[[ Extracted material, beginning ]]
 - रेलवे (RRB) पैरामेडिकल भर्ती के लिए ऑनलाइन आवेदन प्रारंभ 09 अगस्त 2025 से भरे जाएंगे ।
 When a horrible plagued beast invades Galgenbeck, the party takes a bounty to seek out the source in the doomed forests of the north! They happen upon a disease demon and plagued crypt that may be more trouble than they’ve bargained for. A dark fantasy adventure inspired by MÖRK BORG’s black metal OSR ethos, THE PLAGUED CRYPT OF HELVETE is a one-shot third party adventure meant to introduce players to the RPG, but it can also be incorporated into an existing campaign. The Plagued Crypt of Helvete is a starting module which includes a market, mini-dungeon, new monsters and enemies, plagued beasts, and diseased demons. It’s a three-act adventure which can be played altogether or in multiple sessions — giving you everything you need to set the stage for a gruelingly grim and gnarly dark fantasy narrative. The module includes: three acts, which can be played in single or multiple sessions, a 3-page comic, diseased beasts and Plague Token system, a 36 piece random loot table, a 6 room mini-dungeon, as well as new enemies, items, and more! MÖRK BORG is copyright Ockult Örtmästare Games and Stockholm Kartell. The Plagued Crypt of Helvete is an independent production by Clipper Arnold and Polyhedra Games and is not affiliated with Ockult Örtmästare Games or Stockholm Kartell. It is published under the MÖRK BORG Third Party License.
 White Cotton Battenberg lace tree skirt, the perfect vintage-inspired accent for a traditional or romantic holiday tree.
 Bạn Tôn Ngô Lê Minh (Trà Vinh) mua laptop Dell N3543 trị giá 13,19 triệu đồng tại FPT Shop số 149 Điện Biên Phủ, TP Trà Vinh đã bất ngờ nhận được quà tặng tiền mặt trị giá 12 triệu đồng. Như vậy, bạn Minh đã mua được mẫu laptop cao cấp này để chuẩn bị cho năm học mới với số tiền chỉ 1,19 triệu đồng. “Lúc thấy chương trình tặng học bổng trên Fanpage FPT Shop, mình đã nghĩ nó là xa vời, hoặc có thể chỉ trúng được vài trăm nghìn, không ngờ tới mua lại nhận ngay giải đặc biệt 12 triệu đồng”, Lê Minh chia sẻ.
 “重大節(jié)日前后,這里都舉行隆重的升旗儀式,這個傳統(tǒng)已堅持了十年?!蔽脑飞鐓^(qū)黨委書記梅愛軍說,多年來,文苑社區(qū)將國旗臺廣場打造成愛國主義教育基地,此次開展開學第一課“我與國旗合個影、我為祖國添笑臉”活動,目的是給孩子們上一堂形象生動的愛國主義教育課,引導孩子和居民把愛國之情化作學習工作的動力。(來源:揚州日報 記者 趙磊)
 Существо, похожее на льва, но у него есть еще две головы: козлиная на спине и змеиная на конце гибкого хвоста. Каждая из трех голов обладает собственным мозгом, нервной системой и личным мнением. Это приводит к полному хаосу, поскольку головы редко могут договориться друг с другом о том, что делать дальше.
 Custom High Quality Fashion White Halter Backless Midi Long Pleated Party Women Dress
[[ Extracted material, end ]]
[[ Extracted material, beginning ]]
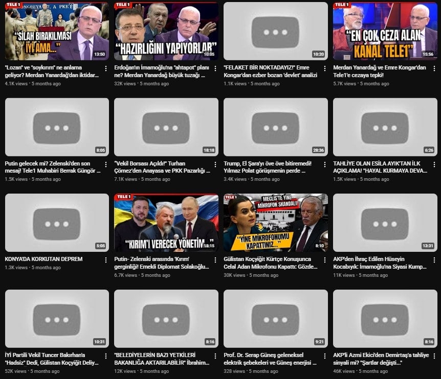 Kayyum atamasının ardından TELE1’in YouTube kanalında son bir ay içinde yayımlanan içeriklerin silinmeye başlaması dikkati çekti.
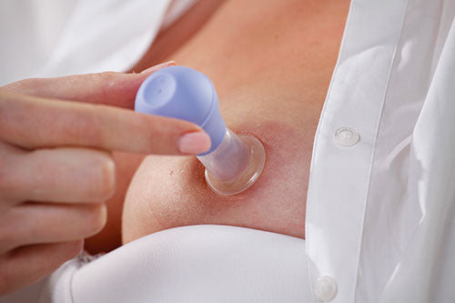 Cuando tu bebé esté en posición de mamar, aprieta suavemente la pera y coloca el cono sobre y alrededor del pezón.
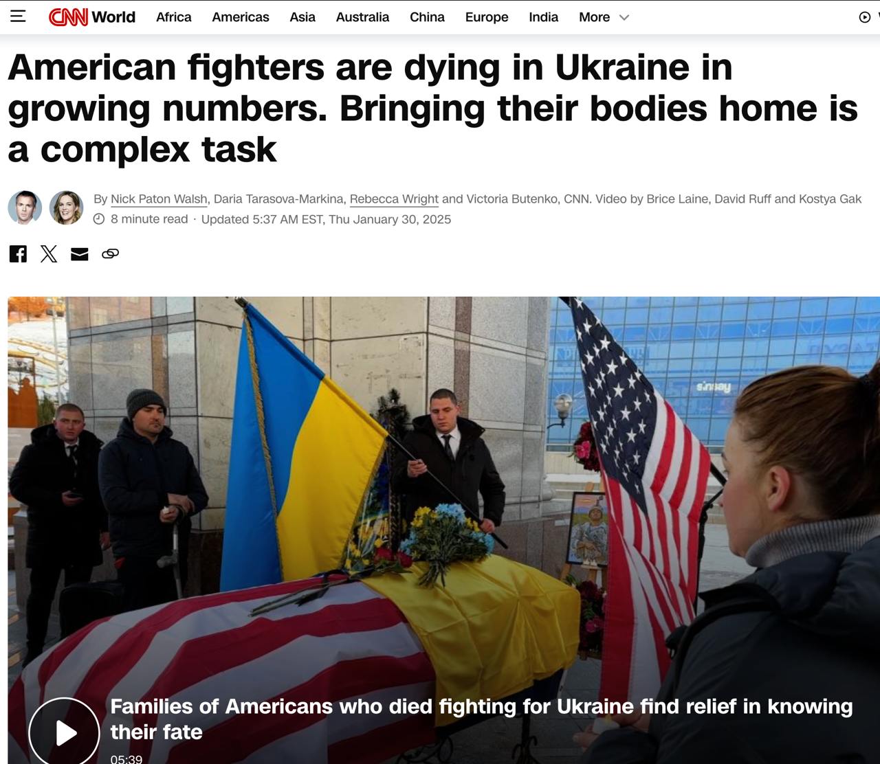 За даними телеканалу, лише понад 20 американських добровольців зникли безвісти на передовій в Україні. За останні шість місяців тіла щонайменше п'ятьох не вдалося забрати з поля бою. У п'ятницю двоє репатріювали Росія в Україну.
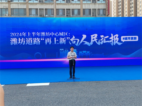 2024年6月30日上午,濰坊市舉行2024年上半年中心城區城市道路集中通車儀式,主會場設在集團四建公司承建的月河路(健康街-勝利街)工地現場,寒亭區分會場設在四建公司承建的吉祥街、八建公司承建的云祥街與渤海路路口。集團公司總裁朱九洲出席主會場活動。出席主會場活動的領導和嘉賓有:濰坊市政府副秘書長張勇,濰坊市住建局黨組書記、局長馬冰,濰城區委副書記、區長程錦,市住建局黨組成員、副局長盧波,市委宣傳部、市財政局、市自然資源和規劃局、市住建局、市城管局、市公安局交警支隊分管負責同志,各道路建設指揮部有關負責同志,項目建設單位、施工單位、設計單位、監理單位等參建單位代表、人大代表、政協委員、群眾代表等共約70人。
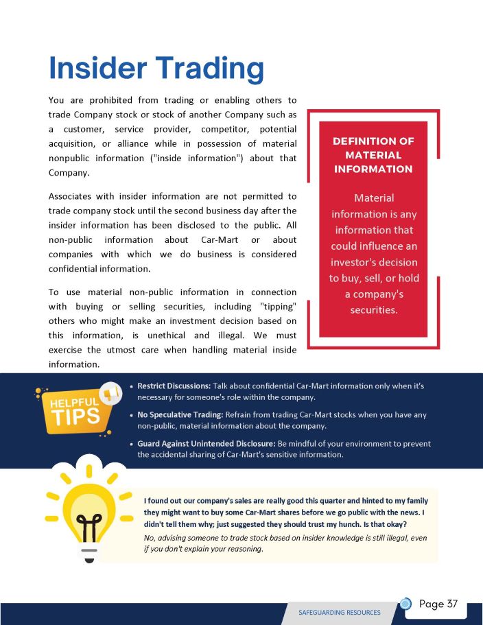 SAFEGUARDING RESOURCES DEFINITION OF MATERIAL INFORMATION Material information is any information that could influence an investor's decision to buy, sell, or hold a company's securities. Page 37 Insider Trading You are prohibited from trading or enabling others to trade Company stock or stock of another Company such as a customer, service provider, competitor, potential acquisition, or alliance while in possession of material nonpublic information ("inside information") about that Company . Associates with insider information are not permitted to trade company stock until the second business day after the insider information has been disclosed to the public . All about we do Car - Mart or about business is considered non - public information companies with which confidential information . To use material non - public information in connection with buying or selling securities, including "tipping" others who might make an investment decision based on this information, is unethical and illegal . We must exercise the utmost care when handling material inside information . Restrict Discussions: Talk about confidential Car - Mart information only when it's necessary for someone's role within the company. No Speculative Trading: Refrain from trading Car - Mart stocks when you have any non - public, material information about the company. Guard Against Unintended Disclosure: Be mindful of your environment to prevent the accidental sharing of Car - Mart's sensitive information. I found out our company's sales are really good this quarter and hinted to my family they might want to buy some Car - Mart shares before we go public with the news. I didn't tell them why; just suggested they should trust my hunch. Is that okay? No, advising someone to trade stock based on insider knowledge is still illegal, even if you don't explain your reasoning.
[[ Extracted material, end ]]
[[ Extracted material, beginning ]]
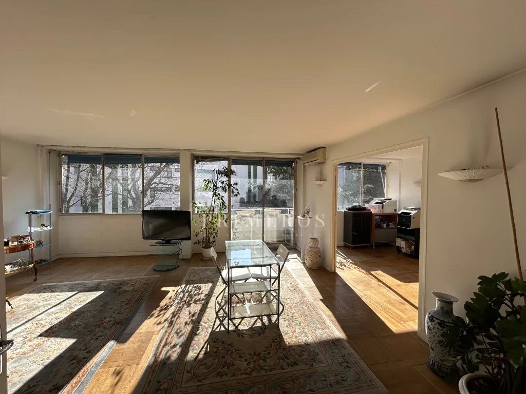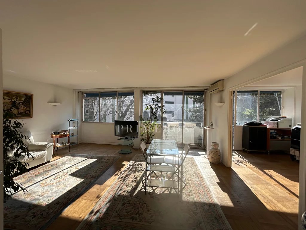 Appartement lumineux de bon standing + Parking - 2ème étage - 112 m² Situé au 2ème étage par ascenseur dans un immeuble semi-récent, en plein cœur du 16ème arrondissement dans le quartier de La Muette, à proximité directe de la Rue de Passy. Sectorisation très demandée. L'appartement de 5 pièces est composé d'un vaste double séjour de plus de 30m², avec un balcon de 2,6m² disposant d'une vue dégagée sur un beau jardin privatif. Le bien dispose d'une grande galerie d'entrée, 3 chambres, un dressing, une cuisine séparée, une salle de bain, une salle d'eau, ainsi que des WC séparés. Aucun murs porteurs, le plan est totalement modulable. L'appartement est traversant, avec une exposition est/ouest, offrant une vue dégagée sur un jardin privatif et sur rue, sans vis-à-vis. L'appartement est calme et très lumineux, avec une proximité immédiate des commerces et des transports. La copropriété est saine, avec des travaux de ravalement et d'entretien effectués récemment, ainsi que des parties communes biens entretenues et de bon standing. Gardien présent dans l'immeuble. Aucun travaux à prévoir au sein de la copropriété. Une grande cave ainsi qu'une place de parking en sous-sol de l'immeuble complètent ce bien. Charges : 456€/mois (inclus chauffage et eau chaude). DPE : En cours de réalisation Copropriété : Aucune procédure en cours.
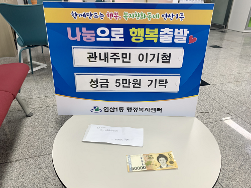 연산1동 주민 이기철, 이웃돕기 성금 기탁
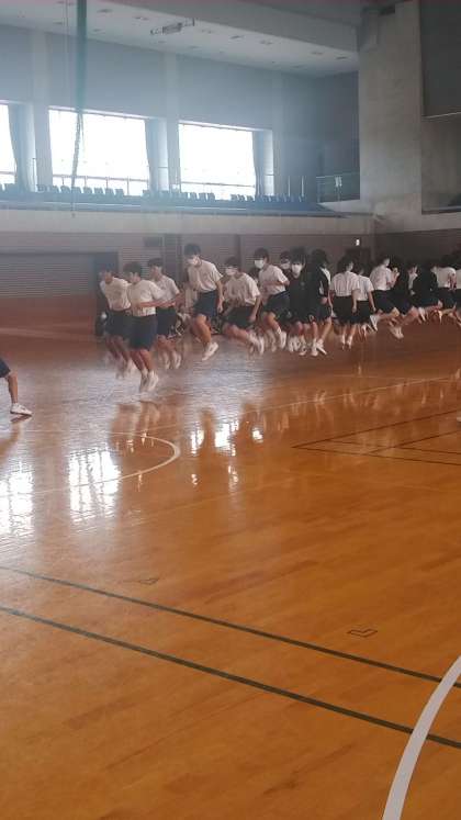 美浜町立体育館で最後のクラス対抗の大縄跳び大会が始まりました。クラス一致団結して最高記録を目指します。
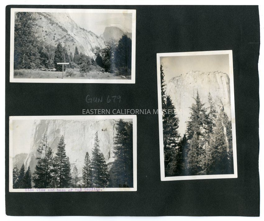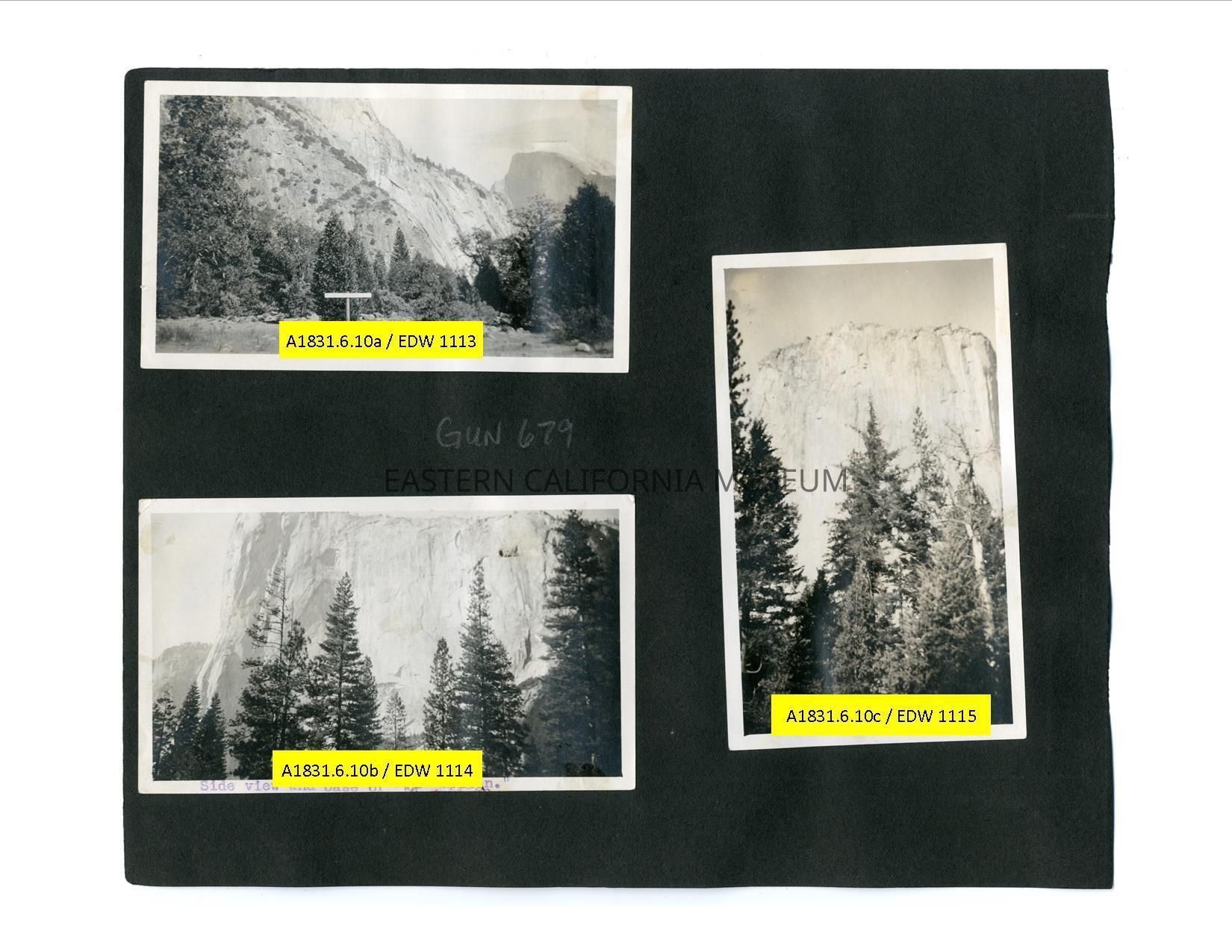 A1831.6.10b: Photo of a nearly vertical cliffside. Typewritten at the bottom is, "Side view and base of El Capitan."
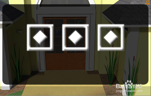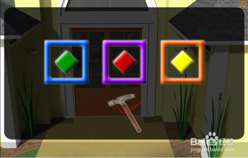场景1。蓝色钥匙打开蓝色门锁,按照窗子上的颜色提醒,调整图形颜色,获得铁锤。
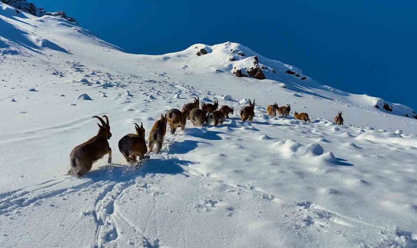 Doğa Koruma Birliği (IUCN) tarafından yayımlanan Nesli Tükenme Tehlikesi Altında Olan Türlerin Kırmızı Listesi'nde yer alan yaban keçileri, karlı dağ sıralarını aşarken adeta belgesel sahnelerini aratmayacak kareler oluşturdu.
[[ Extracted material, end ]]
Work required: Scan the entries above for the word "White". Report the lines that hold it.

Task response:
 White Cotton Battenberg lace tree skirt, the perfect vintage-inspired accent for a traditional or romantic holiday tree.
 Custom High Quality Fashion White Halter Backless Midi Long Pleated Party Women Dress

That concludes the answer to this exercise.